Szifron also makes a strong case for his versatility as the writer and director of six very unique stories. “Pasternak” is exceptionally told, staggeringly handled at times, and, again, the last shot is a bold marvel in and of itself. Unforgettable is the appropriate word for this mean-spirited joke’s climax. The boldest in terms of political statements has to come in the very Coens-y “La Propuesta” using a despicable accident, an instance of heinous, revolting manslaughter, and projecting it as the backdrop to illustrate the maneuverings of the elite. As the have-nots lie in the street dying or taking absurd propositions by their well-off neighbors to keep the life of their no-good son away from the spiteful limelight, it pointedly carves out the disgusting capabilities of those with economic power. What begins mainly as a hefty, but understandable expense to save their reckless son matures into a ridiculous fortune, which leads to new deals and doubling back on the amount of money that is being divided up so that someone innocent will amiably accept a prison sentence and a specialized lawyer can get his cut for blackmail, a district attorney can look the other way, and a good-for-nothing killer can cry his way to freedom. The punch line to this story is wicked as well – so much so I literally forgot to laugh. I was just so stunned. There’s a lot of Joel and Ethan here, specifically in that punch line, which makes an editing choice that rang heavy of a “Fargo” inspiration. “La Propuesta” is a small socially conscious masterpiece, but what it leads to is truly the icing on the cake.

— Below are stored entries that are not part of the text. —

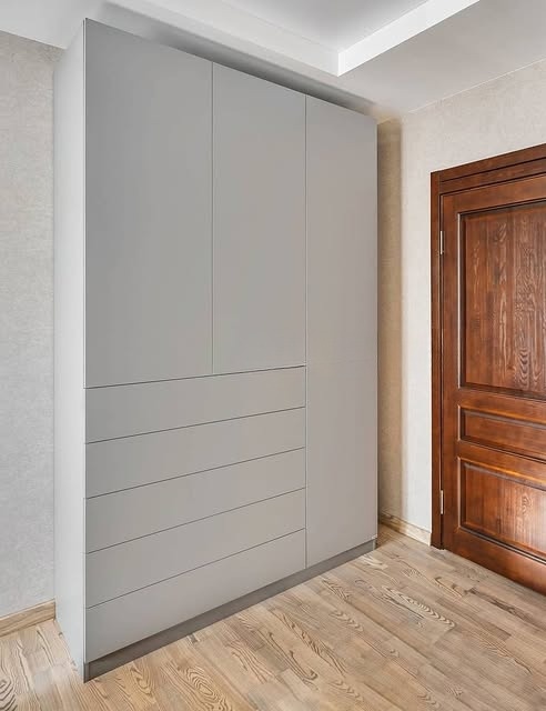 Встраиваемый шкаф вокруг двери серого цвета в минимализме «Модель 1318»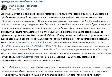У соцмережах закликають російських чоловіків їхати у Крим, Донецьк та Харків, як найважливіші "пункти опору".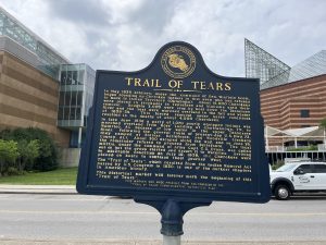 After our refreshments we took a walk around the town and down to the Tennessee River where we came across the start of the Trail of Tears. This was a trail the Native Americans were forced to take as they were removed from their lands and forced to re-settle in the Indian Reservation in Oklahoma.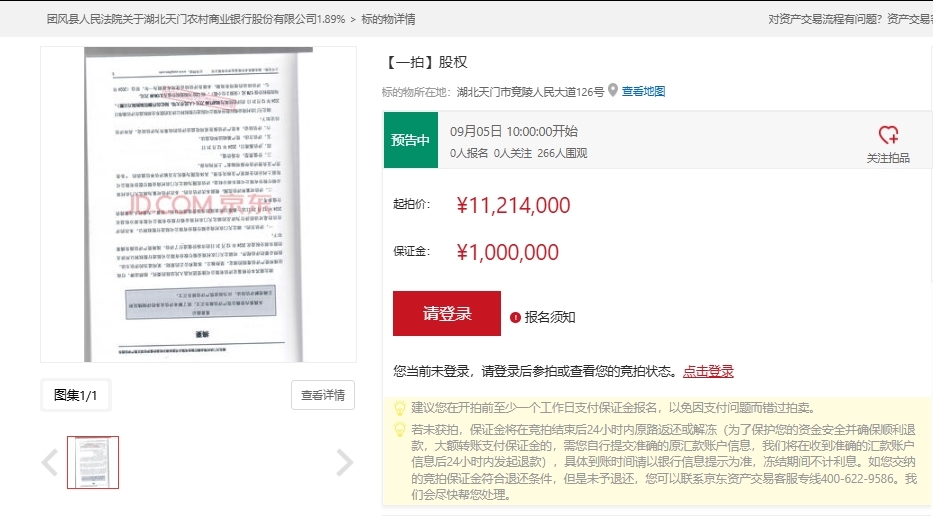 日前,据京东司法拍卖平台,湖北天门农商银行700万股股权将于9月5日公开拍卖,评估价1246万元,每股1.78元,起拍价1121.4万元,每股1.602元,较评估价打了九折,该笔股权占天门农商银行总股本的1.89%。

“Hasta que la muerte nos separe” – translated to “Till Death Do Us Part” – is blissfully, spectacularly savage. There’s no more apt adjective, it’s savage in terms of plotting and in terms of humor. There’s revenge sex, there’s spilt blood, there’s more sex, there’s purposefully vomit-inducing camera movements, and then there’s the curtain call that puts a simultaneously eye-widening and smirk- inducing close on the whole two-hour affair. What a Part Two to this single story would hold only terrifies me; there’s “Gone Girl” level horror to surely ensue between these trainwreck newlyweds, but Szifron ties the satire together with a stinging final shot. It’s such a perfectly uncontrolled frame. No other story could have brought Szifron’s anthology to a better close than this one.
This searing Argentine import dares to go to comedic lengths usually reserved for auteurs like Tarantino and the Coens, formidable filmmakers who Szifron is undoubtedly emulating but hardly looking to rival. As much inspiration may be identifiable within Szifron’s style and sense of humor, he stands notably apart, providing a new international voice that I hope will continue to chime in regularly. “Wild Tales” understandably lost the Best Foreign Language Film Academy Award” to the picturesque “Ida” and probably wouldn’t have usurped “Leviathan” in an “Ida”-less year, but I’m hoping that the Academy recognition will put it in the hunt for aggressive searchers of specialty cinema. This is a ruthlessly funny, craftily original film that successfully spotlights the regretless levels of sinfulness that human beings can resort to in passionate instances. You’ll learn a lot about yourself based on how much you laugh during “Wild Tales,” and you’d probably be better off leaving your sensitivity at the door.